PROBLEM TO WORK ON -> For the entries below, the result should be an exact transcription of the lines from the one with "Simbolično, predstavnicima studenata" up to and including the one with "朗德上寨,屬貴州省黔東南苗族", and only those.

SOURCE INFORMATION ->
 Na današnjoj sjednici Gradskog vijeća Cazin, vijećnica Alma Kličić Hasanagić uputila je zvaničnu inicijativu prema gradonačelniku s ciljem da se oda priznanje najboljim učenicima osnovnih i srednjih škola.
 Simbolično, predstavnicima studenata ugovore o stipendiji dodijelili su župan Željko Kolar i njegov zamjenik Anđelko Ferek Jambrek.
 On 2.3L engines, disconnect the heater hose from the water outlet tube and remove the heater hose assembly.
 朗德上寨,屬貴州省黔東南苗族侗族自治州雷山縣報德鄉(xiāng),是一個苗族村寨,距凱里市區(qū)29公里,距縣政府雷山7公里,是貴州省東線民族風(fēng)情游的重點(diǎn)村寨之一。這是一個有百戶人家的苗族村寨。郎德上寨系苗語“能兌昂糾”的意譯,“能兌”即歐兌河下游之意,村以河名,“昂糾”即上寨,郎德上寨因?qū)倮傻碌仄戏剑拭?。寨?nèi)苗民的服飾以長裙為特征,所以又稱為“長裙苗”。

==

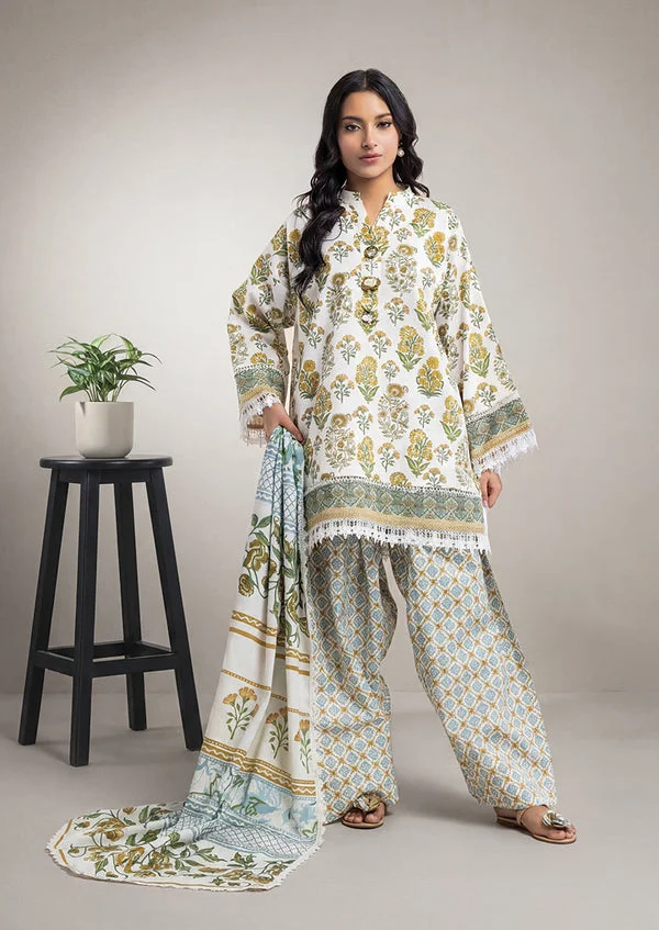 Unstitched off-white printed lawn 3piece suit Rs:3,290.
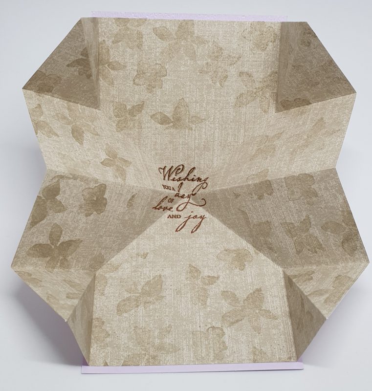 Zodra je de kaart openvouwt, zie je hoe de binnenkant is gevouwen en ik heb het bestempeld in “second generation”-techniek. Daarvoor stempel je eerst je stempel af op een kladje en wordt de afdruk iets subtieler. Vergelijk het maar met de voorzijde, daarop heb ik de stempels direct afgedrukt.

ANSWER BELOW ->
 Simbolično, predstavnicima studenata ugovore o stipendiji dodijelili su župan Željko Kolar i njegov zamjenik Anđelko Ferek Jambrek.
 On 2.3L engines, disconnect the heater hose from the water outlet tube and remove the heater hose assembly.
 朗德上寨,屬貴州省黔東南苗族侗族自治州雷山縣報德鄉(xiāng),是一個苗族村寨,距凱里市區(qū)29公里,距縣政府雷山7公里,是貴州省東線民族風(fēng)情游的重點(diǎn)村寨之一。這是一個有百戶人家的苗族村寨。郎德上寨系苗語“能兌昂糾”的意譯,“能兌”即歐兌河下游之意,村以河名,“昂糾”即上寨,郎德上寨因?qū)倮傻碌仄戏剑拭?。寨?nèi)苗民的服飾以長裙為特征,所以又稱為“長裙苗”。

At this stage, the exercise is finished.